[Records drawn from a dataset]
##########
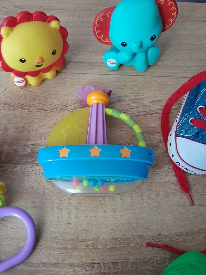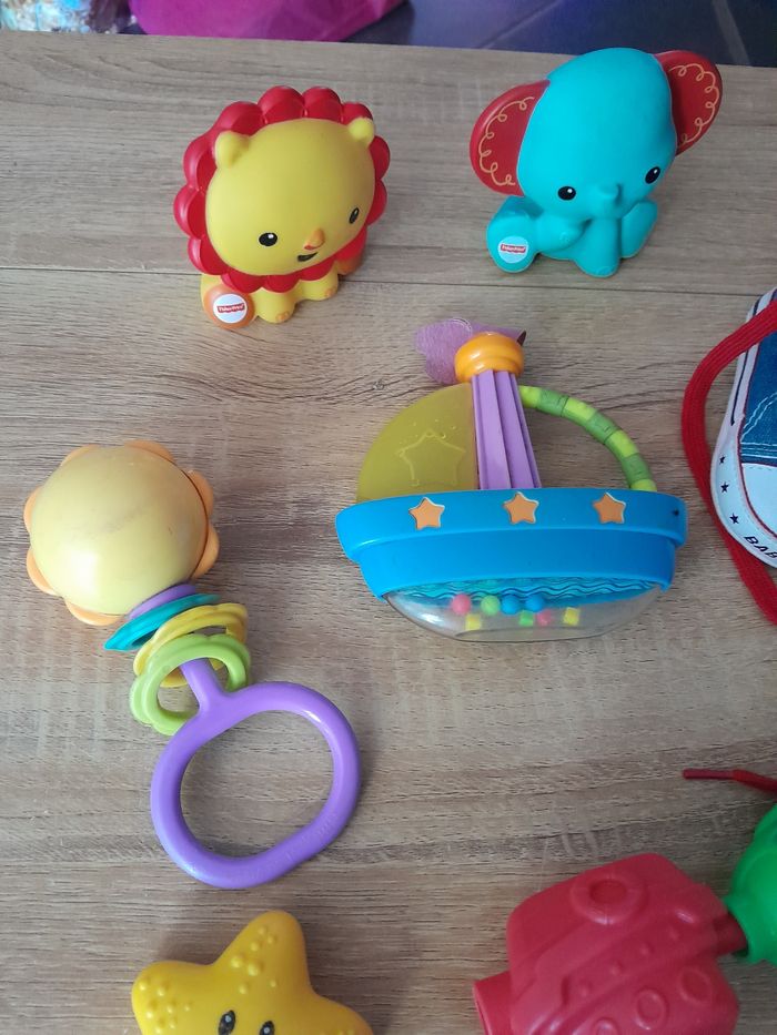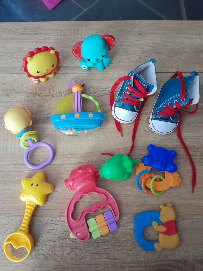 Lot de 10 jouets pour bébé. 9jouets +1 paire de chaussures. 3euros le lot. D'autres lots de jouets de dispo dans mon dressing n'hésitez pas à jeter un coup d'œil ou à me demander.
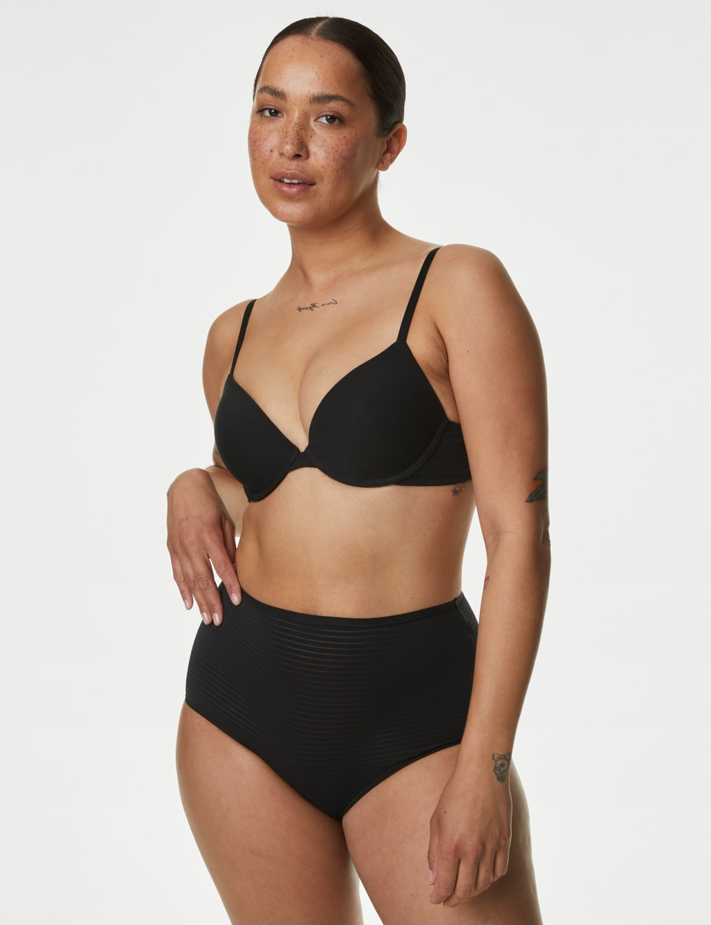 The no-VPL knickers in our collection are designed to stay invisible under any outfit – however close it fits. Get that second-skin feeling thanks to lightweight fabrics such as modal and microfibre. Flexifit™ materials, smooth edges and seam-free constructions ensure there’s no risk of wrinkling or lines. Shop your favourite shapes, from bikinis and Brazilians to high-waisted briefs that offer full coverage. A barely there thong is your go-to when you’re wearing gym leggings or tight trousers. Delivery is free over £60 when you pick multi-packs of versatile colours
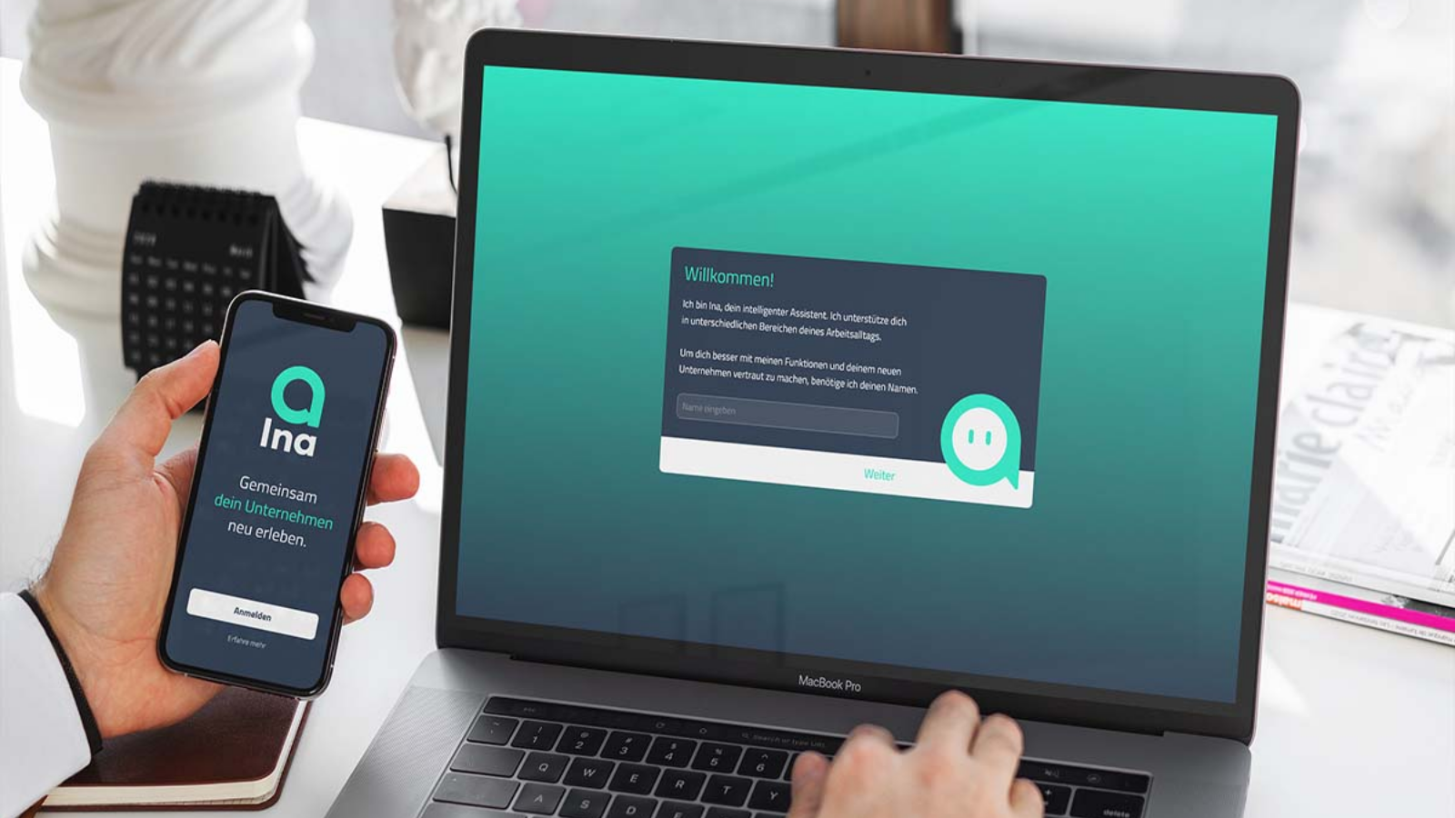 Ina is an artificial intelligence that takes over small coordinative tasks in everyday work, improves communications and agreements within the company and helps to maintain the corporate culture. By preserving traditional corporate cultures of presence and digital innovations, Ina bridges these two worlds to create a sustainable employee experience.
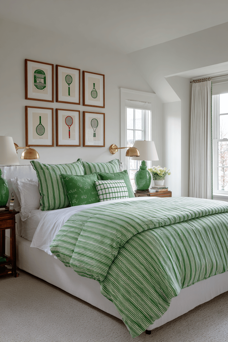 Sporty elegance adds character and heritage to a refined preppy bedroom. Subtle nods like framed racquet art or green-and-white accents introduce classic club charm. Tailored bedding and structured décor maintain sophistication. Keeping the palette cohesive prevents the theme from feeling overwhelming. The overall vibe feels curated and timeless in a preppy bedroom. Click to channel country-club inspiration in your space.
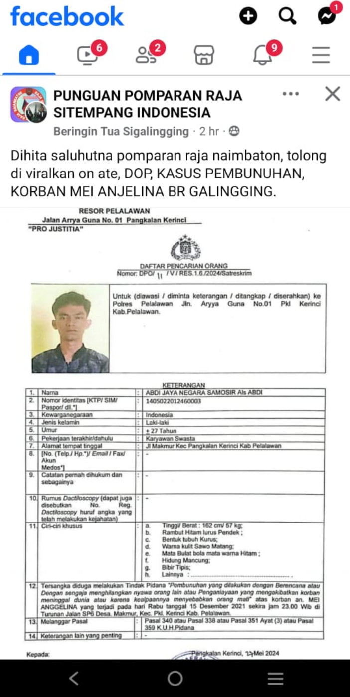Pelalawan - Terduga pelaku pembunu Mei Anjelina Boru Galingging sejak tahun 2021 lalu yang ditangani Polres Pelalawan tak kunjung tertangkap, padahal Polisi sudah mengeluarkan surat Daftar pencarian Orang (DPO) kepada terduga pelaku.
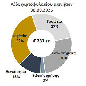 Οι ανωτέρω πωλήσεις απέφεραν συνολικά κέρδη υπεραξίας € 4,0 εκ. σε σχέση με την αξία κτήσης των εν λόγω ακινήτων, εκ των οποίων € 1,3 εκ. καταγράφονται στη χρήση 2025. Aξία χαρτοφυλακίου ακινήτων 30.09.2025 Logistics 32% Γραφεια 27% € 283 εκ. Ξενοδοχεία 13% Καταστήματα 26% Ειδικής χρήσης 2%
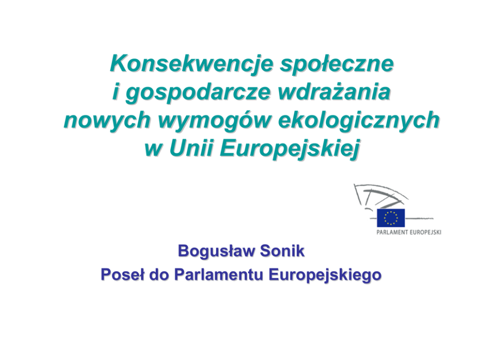 Konsekwencje społeczne i gospodarcze wdrażania nowych wymogów ekologicznych w Unii Europejskiej Bogusław Sonik Poseł do Parlamentu Europejskiego EKOLOGICZNE WYZWANIA DLA GOSPODARKI Cele cyklu konferencji: • Stworzenie forum dyskusyjnego na temat kosztów ekologicznych działalności gospodarczej oraz skutków wdrażania ekologicznego prawa wspólnotowego dla polskiej gospodarki • Dostarczenie informacji społeczeństwu (za pośrednictwem mediów i organizacji pozarządowych) na temat skutków wprowadzania przez Unię Europejską nowych instrumentów rynkowych w ochronie środowiska • Prezentacja zamierzeń Unii Europejskiej dotyczących wdrażania nowych instrumentów rynkowych w dziedzinie ochrony środowiska EKOLOGICZNE WYZWANIA DLA GOSPODARKI Cykl konferencji: 1. „Ochrona klimatu - hamulec czy bodziec dla gospodarki?” – 4 lipca 2008 2. „Wizja społeczeństwa recyklingu” (gospodarka odpadami) – jesień 2008 3. „Biopaliwa – szansą przyszłości czy pomyłką?” (ograniczenie emisji zanieczyszczeń z transportu samochodowego i stosowanie biopaliw) – wiosna 2009 Nowa legislacja UE • Instrumenty prawne proponowane w ramach pakietu energetyczno – klimatycznego: – – – – Rozszerzenie wspólnotowego systemu handlu uprawnieniami do emisji gazów cieplarnianych (propozycja zmiany Dyrektywy) Starania zmierzające do ograniczenia emisji gazów cieplarnianych (propozycja Decyzji Parlamentu i Rady) Geologiczne składowanie dwutlenku węgla (propozycja Dyrektywy) Promocja stosowania energii ze źródeł odnawialnych (propozycja Dyrektywy) Rozszerzenie wspólnotowego systemu handlu uprawnieniami do emisji gazów cieplarnianych (1) • System handlu emisjami UE (ETS) - jest to pierwszy międzynarodowy system odnoszący się do emisji CO2 • Obejmuje ponad 10 000 instalacji w sektorach energetyki i przemysłu • Sektory te ponoszą odpowiedzialność za blisko 50 % unijnych emisji CO2 oraz 40% całkowitych emisji gazów cieplarnianych w UE • Kwestia fundamentalna w ramach strategii UE na rzecz zwalczania zmian klimatycznych Rozszerzenie wspólnotowego systemu handlu uprawnieniami do emisji gazów cieplarnianych (2) • Przegląd dyrektywy i konieczność jej zmiany wynika z przyjętego w styczniu b.r. pakietu energetyczno – klimatycznego • 100 % przydziałów na emisję CO2 dla energetyki na aukcji od 2013 roku • Pozostałe sektory gospodarki od 2020 roku • Sprawozdawczyni Avril Doyle napisała w swoim Raporcie: „Rozsądne jest 100% licytowanie dla sektora energetycznego od 2013 r. biorąc pod uwagę wyraźną możliwość, by sektor ten przełożył w razie konieczności wszelkie uzasadnione koszty na konsumenta”. Rozszerzenie wspólnotowego systemu handlu uprawnieniami do emisji gazów cieplarnianych (3) • Energetyka powinna mieć możliwość stopniowego dostosowywania się do nabywania 100 % uprawnień do emisji CO2 na aukcji • Czas potrzebny na modernizację i wdrażania nowoczesnych niskoemisyjnych technologii Skutki: • Wprowadzenie 100 % uprawnień na emisję spowoduje w Polsce gwałtowny wzrost cen energii elektrycznej • Wzrost kosztów wytwarzania spowoduje obniżenie konkurencyjności gospodarek z energetyką opartą na węglu • Problemy społeczne Rozszerzenie wspólnotowego systemu handlu uprawnieniami do emisji gazów cieplarnianych (4) • Problem dotyczy to także sektora ciepłownictwa sieciowego i elektrociepłowni Skutki: • Drastyczny wzrost cen ciepła • Odbiorcy ciepła będą wybierać tańsze indywidualne rozwiązania stosując gorszej jakości paliwo i niskosprawne piece • Efekt – niekontrolowane pogorszenie jakości powietrza Geologiczne składowanie dwutlenku węgla (1) • Dyrektywa wyznacza warunki dotyczące wykorzystania w Europie technologii wychwytywania i składowania dwutlenku węgla (technologii CCS) • Technologia CCS nie jest pozytywnie odbierana przez wszystkich specjalistów w zakresie ochrony środowiska • Zakopywanie CO2 trudno jest nazwać idealnie „zielonym” rozwiązaniem • Założenie - technologia pomostowa • Pomoże naszej cywilizacji przemysłowej zyskać na czasie, aby wypracować rozwiązania alternatywne Geologiczne składowanie dwutlenku węgla (2) • Zobowiązane – do roku 2020 nowe obiekty energetyczne o dużej mocy (pow. 300 MW) muszą zastosować technologię CCS • Polska widzi problem z realizacją tego zobowiązania • Struktura geologiczna Polski nie jest dostatecznie rozpoznana pod względem przydatności do magazynowania CO2 Promocja stosowania energii ze źródeł odnawialnych (1) • Przyszłość energetyki - UE znajduje się na rozdrożu • Nie ma idealnego rozwiązania problemów klimatycznych i energetycznych • Należy realizować wielokierunkowe podejście, którego głównymi filarami będą: – – – zwiększona wydajność energetyczna stopniowa rezygnacja z paliw kopalnych zakrojone na dużą skalę inwestycje w badania nad zastosowaniem alternatywnych źródeł energii, a przede wszystkim energii odnawialnej Promocja stosowania energii ze źródeł odnawialnych (2) Cele nowej Dyrektywy: • 20% udział źródeł energii odnawialnej w zużyciu energii do roku 2020 • 10% udział wykorzystania biopaliw w transporcie do roku 2020 Nowa dyrektywa w sprawie odpadów (1) • • Parlament Europejski przyjął 17 czerwca 2008 r. nową dyrektywę w sprawie odpadów Nowa dyrektywa - ma dać podstawy do stworzenia w Europie „społeczeństwa powszechnie stosującego recykling” • Przed państwami członkowskimi postawione zostały bardzo ambitne cele • Do roku 2020 odzysk z odpadów z gospodarstw domowych - 50 % (papier, metal, plastik, szkło) Nowa dyrektywa w sprawie odpadów (2) • Absolutna rewolucja w zarządzaniu odpadami w wielu krajach (m.in. w Polsce) • Polska już w tej chwili ma problemy ze spełnieniem wspólnotowych standardów w zakresie gospodarki odpadami komunalnymi • Czy poradzimy sobie z wypełnieniem nowych rygorys
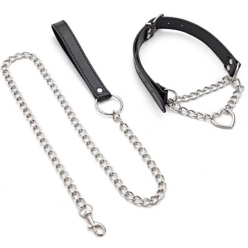 Металлический поводок с петлей из экокожи крепится при помощи карабина непосредственно к сердечку!
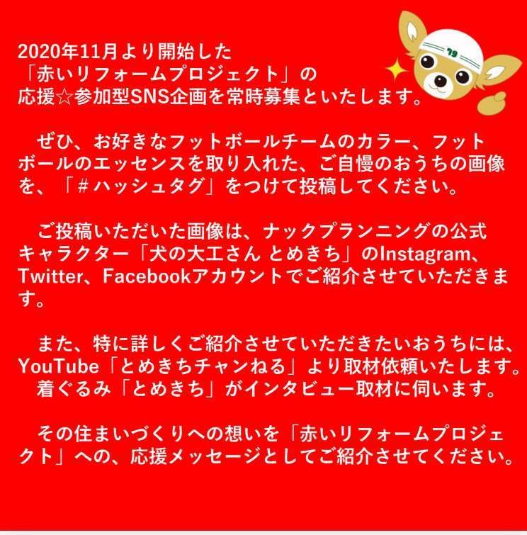 ご投稿いただいた画像は、ナックプランニングの公式キャラクター「犬の大工さん とめきち」の各種SNSアカウント( 下記記載 )でご紹介させていただきます。
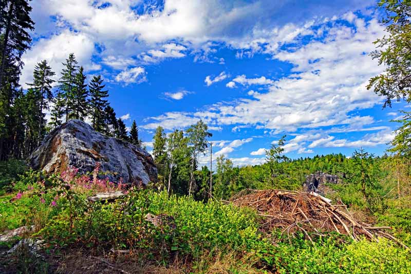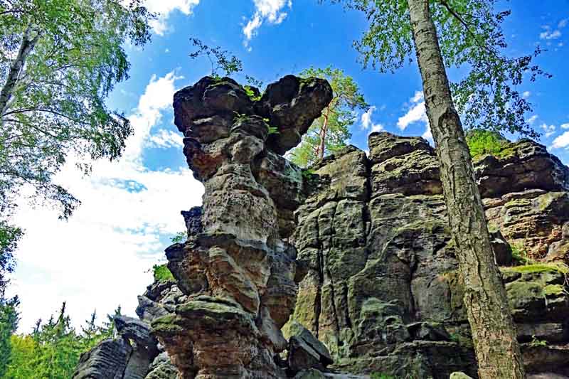Abseits der Touristenströme verläuft unsere Wanderung zu den Felsentürmen bei Rosenthal-Bielatal: die Herkulessäulen. Sie gelten als Wahrzeichen der Region. Zwischen der Schweizermühle und der Ottomühle liegen die beiden schlanken Felstürme Große und Kleine Herkulessäule mit ihren überhängenden Felsköpfen einträchtig im Wald.
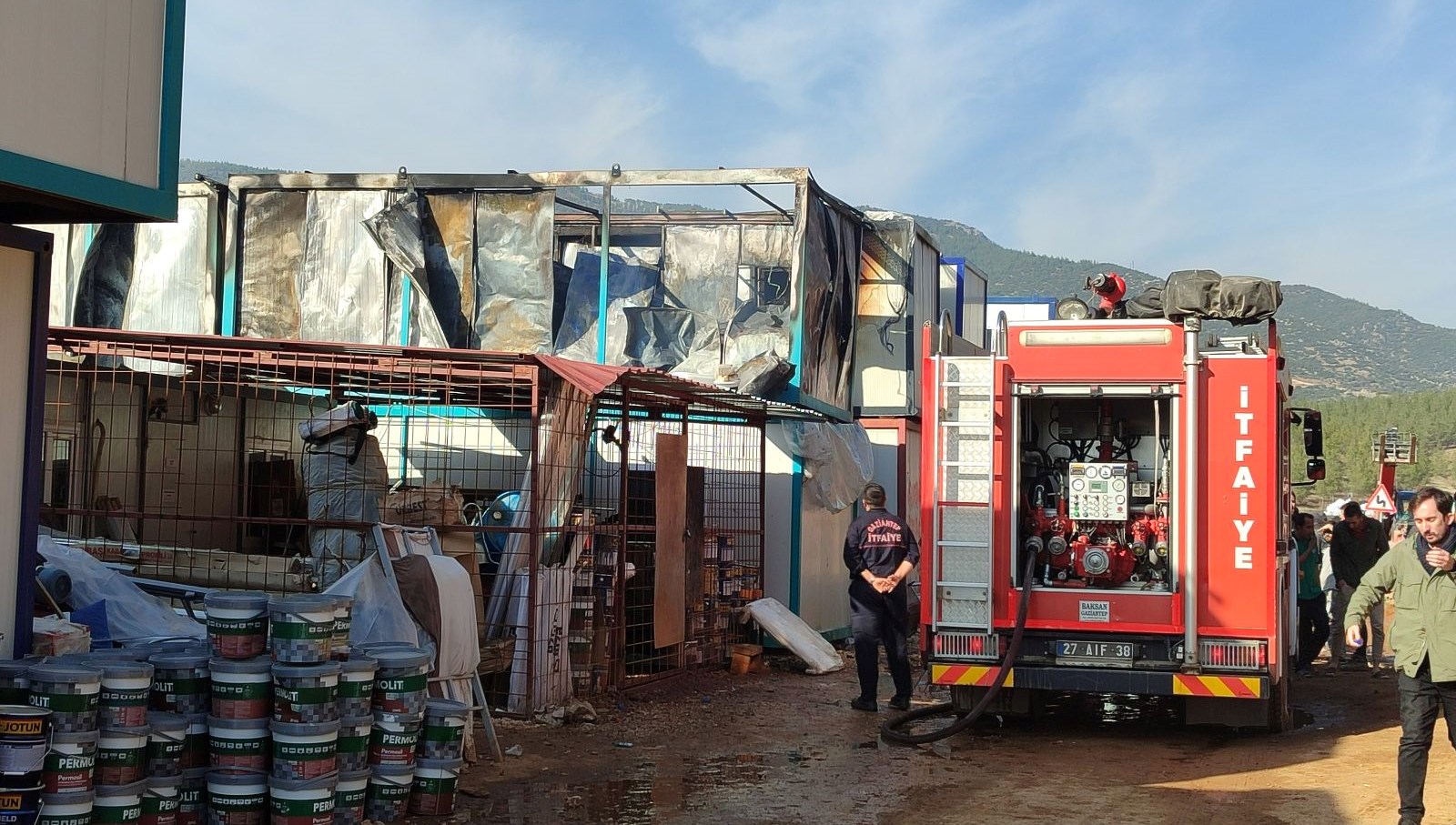 Gaziantep’te yangın, depremzede vatandaşlar için üretimi devam eden konutlarda çalışan personellerin kaldığı konteynerlerde çıktı.
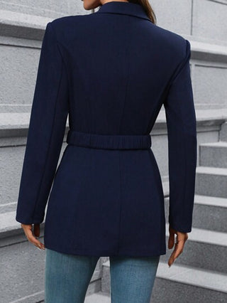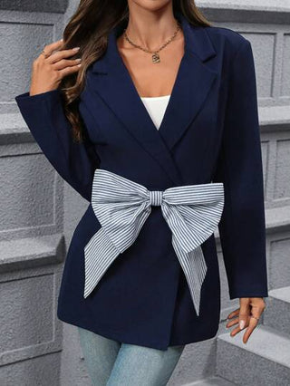 Clasi بدلة بليزر نسائية أنيقة ذات طوق بوبو مع شريط أزرق داكن ومتباين مع ربطة عنق في الخصر ضيقة الجسم مناسبة للشتاء
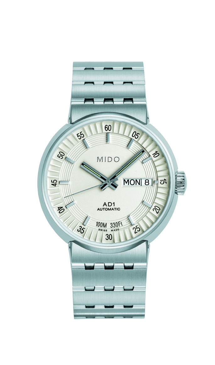 Swiss watches Mido All Dial . The watch has functions date and Day-Date. Basic parameters of the watch are: dial colour is white, bracelet is steel and water resistance is 100 m.
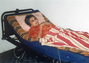 | Upali Jayasekara 38 years with a family. Fell from a electric pole. Tetraplegic, but recovered partially. NIPS helped by giving a milk cow, cattle shed and a commode toilet. A monthly stipend is given for children's education. | Special Bed Donor Mrs Monique Teeuwen of SRO Committee, based in Netherlands |
##########
[WORK TO COMPLETE] Leaving pictures out, output the lines of the data above from the one with "Sporty elegance adds" through the one with "Οι ανωτέρω πωλήσεις", word for word.

[EXERCISE RESPONSE]
 Sporty elegance adds character and heritage to a refined preppy bedroom. Subtle nods like framed racquet art or green-and-white accents introduce classic club charm. Tailored bedding and structured décor maintain sophistication. Keeping the palette cohesive prevents the theme from feeling overwhelming. The overall vibe feels curated and timeless in a preppy bedroom. Click to channel country-club inspiration in your space.
Pelalawan - Terduga pelaku pembunu Mei Anjelina Boru Galingging sejak tahun 2021 lalu yang ditangani Polres Pelalawan tak kunjung tertangkap, padahal Polisi sudah mengeluarkan surat Daftar pencarian Orang (DPO) kepada terduga pelaku.
 Οι ανωτέρω πωλήσεις απέφεραν συνολικά κέρδη υπεραξίας € 4,0 εκ. σε σχέση με την αξία κτήσης των εν λόγω ακινήτων, εκ των οποίων € 1,3 εκ. καταγράφονται στη χρήση 2025. Aξία χαρτοφυλακίου ακινήτων 30.09.2025 Logistics 32% Γραφεια 27% € 283 εκ. Ξενοδοχεία 13% Καταστήματα 26% Ειδικής χρήσης 2%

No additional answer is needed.